Captain Toad: Treasure Tracker
About
As of February 13th, 2019, you can purchase the Captain Toad: Treasure Tracker - Special Episode DLC to continue your journey with eighteen new challenges, including five brand-new courses. Purchase and download this content before March 14th for early access to one of the courses! The remainder of the DLC will be available on March 14th. Naturally, you can play all of the courses with a friend or alone. Either way, you’ll dodge dangers and track treasures across many trap-filled miniature worlds; some are even based on the Super Mario Odyssey™ game!
Captain Toad stars in his own puzzling quest on the Nintendo Switch™ system! Our stubby hero must dodge dangers and track treasures across many trap-filled courses. Survive smoldering volcanoes, hazardous steam engines, haunted houses, and even new courses based on the Super Mario Odyssey™ game! Luckily, a second player can join in by tossing turnips at enemies.
Play anytime, anywhere, and anyway you want—even in two-player mode using a pair of Joy-Con™ controllers on one Nintendo Switch system—in TV mode or Tabletop mode. You could also play alone in handheld mode! No matter what, explore each puzzling course for treasure, like hidden Super Gems and Power Stars. As you reclaim the treasure stolen by the monstrous, greedy bird, Wingo, you’ll eventually be able to play as Toadette! These tiny heroes must waddle, hide, pluck, chuck, and power-up through enemy-infested locales like towers, wild-west shanties, and Goomba waterparks—all bursting with secrets. Aim your head-mounted flashlight at adventure!
System requirements for Wii U
System requirements for Nintendo Switch
System requirements for Nintendo 3DS
Where to buy
Captain Toad: Treasure Tracker reviews and comments
Overall: 8.5/10
+ Tinkering with levels is satisfying
+ Collectibles/challenges add tiny replay value
- Never was given any motivation
- Cheap, recycled cutscenes and boss fights
- Short, but still grew dull
One of two big negatives is the controls: the game staunchly refuses to let you change the keybinds, which wouldn't be such a problem if camera zoom (something you'll be wanting to use more often in this game than any other) was mapped to the triggers rather than as a three stage toggle on the x button that you had to swap through every time you had to zoom in a bit. Far more annoying is that neither handheld or docked mode is quite perfect, so you'll have to be constantly switching between the two if you want to have the best time you can. The Switch is wide enough that mandatory touch controls - using the middle third of the screen to interact with wheels and blocks in particular - is annoying even for someone with huge hands, and while the docked mode's pointer makes THOSE levels much more fun there's the glaring omission that you can't aim with it in the cannon or minekart levels, forcing you to switch back to handheld because those excellent levels wouldn't be half as fun (or possible) without gyroscopic aiming.
The other downside is the repetition.
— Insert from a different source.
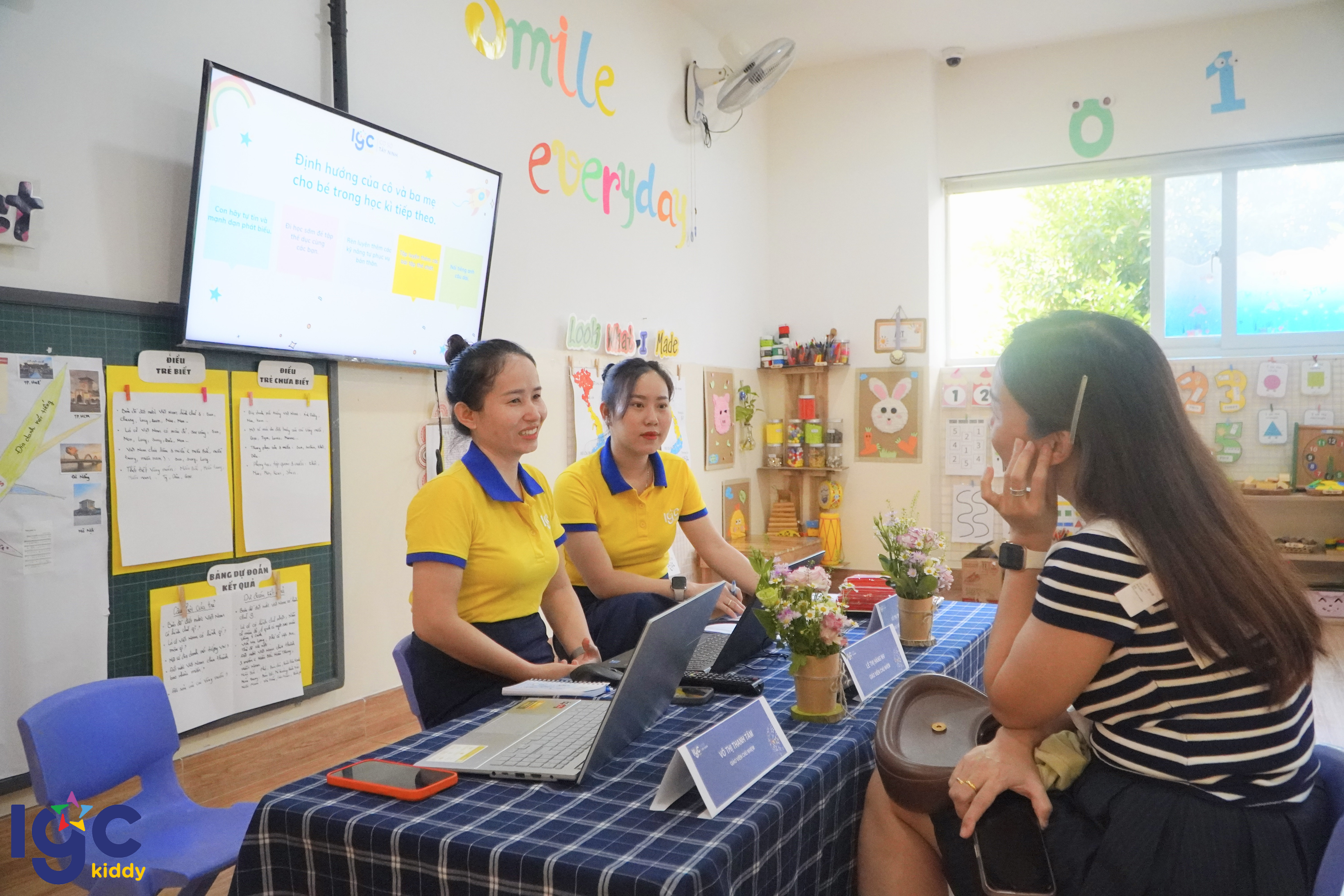 Thông qua các buổi họp phụ huynh, IGC Kiddy Tây Ninh mong muốn giúp ba mẹ hiểu rõ: - Con đang tiến bộ như thế nào mỗi ngày - Trẻ cần được hỗ trợ ở những kỹ năng nào - Gia đình có thể phối hợp cùng nhà trường ra sao để tạo nên môi trường học tập an toàn, tích cực và hạnh phúc Nhà trường tin rằng khi gia đình và nhà trường cùng chung tiếng nói, mỗi em bé sẽ luôn được yêu thương, thấu hiểu và phát triển đúng với tiềm năng của mình. Trường mầm non song ngữ IGC Kiddy Tây Ninh – Lựa chọn tin cậy của phụ huynh Hệ thống trường mầm non IGC Kiddy hiện nhận được sự tin yêu đồng hành của hơn 2000 phụ huynh tại TP.HCM, Đồng Nai, Vĩnh Long và Tây Ninh.

Everything I just gushed about in the first paragraph is from the first "episode" of four and while the puzzles are of course new, everything else - cutscenes, setpieces, and bosses - are all the same as the first time around. They're tweaked in subtle ways, making them JUST different enough to still be fun rather than feeling like a waste of time, but if they'd put in the effort and creativity for new bosses as good as the first two rather than repeats it would've been amazing. Getting to take control of Toadette in these later episodes is fun, and some of the levels got hard enough that I hit Game-Over a couple times which surprised me by not even being a punishment really, more like giving you a quick pat on the back and a "get back in there" in the form of a bonus to top your lives back up. If you fail a level too many times they'll even give you an optional invincibility mushroom to make sure you aren't stuck for too long, which really made me appreciate how the game is accessible to anyone without relying on an up-front easy /normal difficulty select.
By the time I hit the ending, though, I was getting frustrated by the repetition and (as if to hammer the point home) the ending cutscene is exactly the same as the end of episode cutscenes from the first 2 "episodes" except for a tiny but awful twist that, rather than being any sort of satisfying conclusion, made the whole game feel like a throwaway advert for a bigger game. Out of curiosity I looked up the Wii U version's ending, and that was a bit more digestible because it had more to it and was at least directly linked to a sequel, whereas this time it's just the latest Mario game they need to shift copies of. It feels strange being so cynical about a game that at first oozed playful fun out of everything down to its idle animations but that's how much it felt like a cop-out reusing so much of the game, right down to the final cutscene.
If it wasn't for that ending and the game had finished after episode one I would've rated it highly for sure, and if it had kept that level of creativity up for the latter 3/4s as well it might have been up there as one of those perfect, tight experiences that take one simple idea and explore every facet of it - ending up as one of my favourite games, like Katamari Damacy did. I'm not saying that less is always more (certainly cutting the length down by that much would've made it hard to justify as a full price game) but in this case where the "more" is so much less, I could have done with less more.